Category Archives: grief

Summer

{for Summer… who made it home to Canaan today}

It occurs to me this evening that earthquakes come in all shapes and sizes. And while the world’s eyes have been focused on Haiti’s earthquake over the past week, my eyes have been fixed on the one occurring beneath the surface of my own little piece of ground… the place I call home… the woman I call friend.

The ground beneath her has been shaking for the past four months, but her faith? Well, not easily shaken. And while leukemia has not been kind to her, her Father’s strength has been exceedingly kind. She has weathered her quake with all the dignity and grace of heaven. Some would say the cancer got the best of her, but I would say differently. Today, cancer had no say in the matter, because today the quake beneath her feet ceased in its shaking as she made her grand entrance to the throne of her Savior’s feet where she will worship him forever.

For those of us left behind, especially for her precious sons and adoring husband, the ground still shakes. The collective grief of our small community is palpable and strong. We’ve made this walk before. I’ve made this walk before—three times in the last two years. Cancer and its havoc is an all too familiar struggling in our neck of the world. For whatever reason, and God only knows (believe me when I tell you that I’ve asked him), our county claims some of the highest cancer statistics for our state. Everyone in our community has been touched by the disease at some point along the way.

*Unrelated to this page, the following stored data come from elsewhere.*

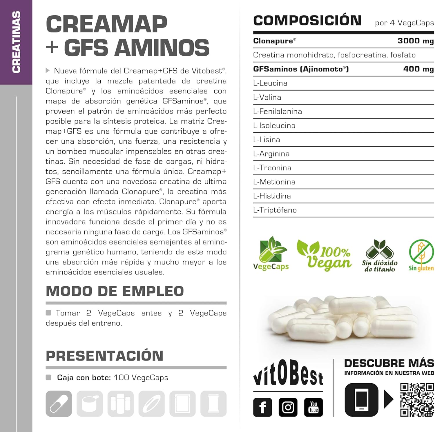 ✅ Vitobest’s new Creamap+GFS formula, which includes the proprietary creatine blend Creatine Magna Power, Kre-Alkalyn and Crea-trona plus the Essential Amino Acids with GFSaminos genetic absorption map, which provide the most perfect amino acid pattern possible for protein synthesis.
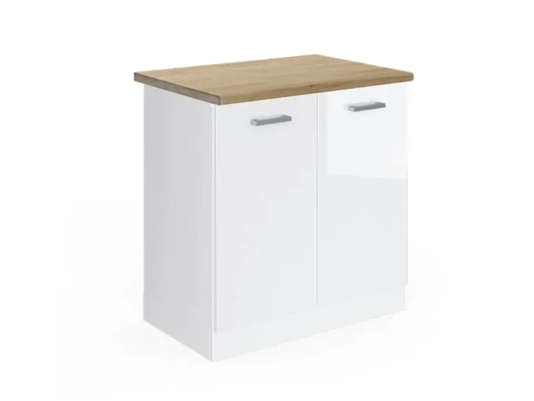 Der Spülenschrank hat Breite 80 cm, Höhe 81,6 cm und Tiefe 60 cm
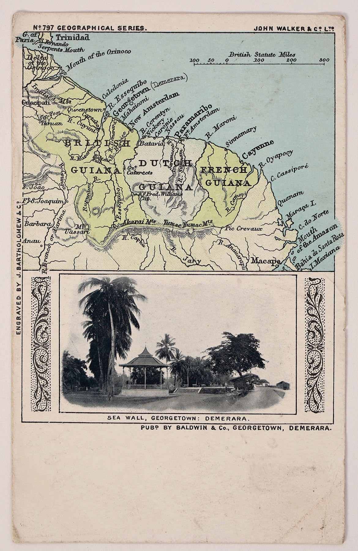1908 British Guiana postcard with a map.[ British Guiana Guiana
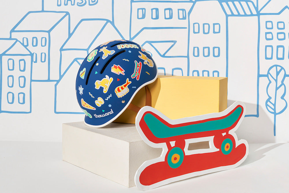 • Casque vélo enfant vintage Thousand bleu stickers collés
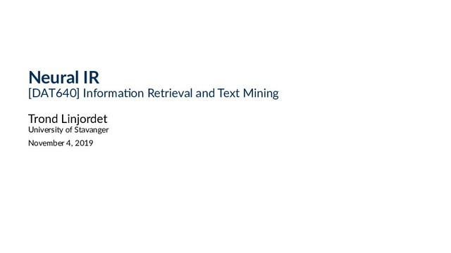 Information Retrieval, Microsoft Research, 2018. • P.S. Huang, X. He, J. Gao, L. Deng, A. Acero, and L. Heck. Learning Deep Structured Semantic Models for Web Search using Clickthrough Data . In Proc. of CIKM, 2013. • B. Mitra, F. Diaz, and N. Craswell. Learning to Match Using Local and Distributed Representations of Text for Web Search. In Proc. of WWW, 2017. • H. Zamani, B. Mitra, X. Song, N. Craswell, and S. Tiwary. Neural Ranking Models with Multiple Document Fields. In Proc. of WSDM, 2017. 38 / 38
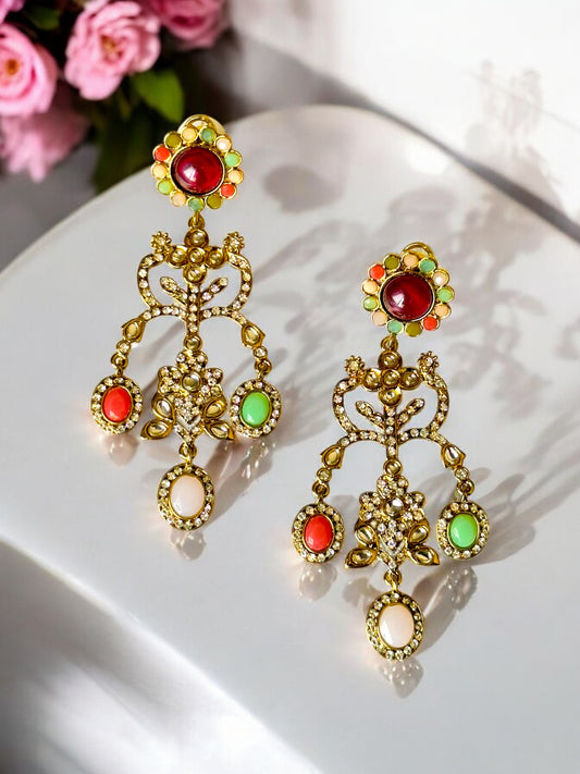 Majestic Multi-Gem Jhula Chandbali Earrings

Still and yet, familiarity doesn’t make the journey any easier. Each situation exceeds statistical data. Each road of suffering is unique and personally labeled with a name, a family, a life lived, a grief felt. There’s nothing neat and tidy about cancer. Nothing we can quickly and perfectly pack away even as we lower another casket into the ground.

Death and its corresponding mystery shake the earth beneath our feet. It reminds us all (whether we’re willing to own it or not) about the temporal nature of our flesh. About the eternal nature of our spirits. And that kind of reminder, friends, is sometimes a hard reckoning with which to engage. Why? Because of the searing pain that interjects its witness into the mix. Because of the questions that coincide with the grief. Because of the empty chair at the dinner table reserved for the one who has preceded us in death. And when all of that (the reckoning, the pain, the questions, the grief, and the empty chair) collide, the earth beneath our feet moves in witness to the internal wrestling of our souls. I don’t imagine there’s a Richter scale big enough to gauge that kind of rumbling.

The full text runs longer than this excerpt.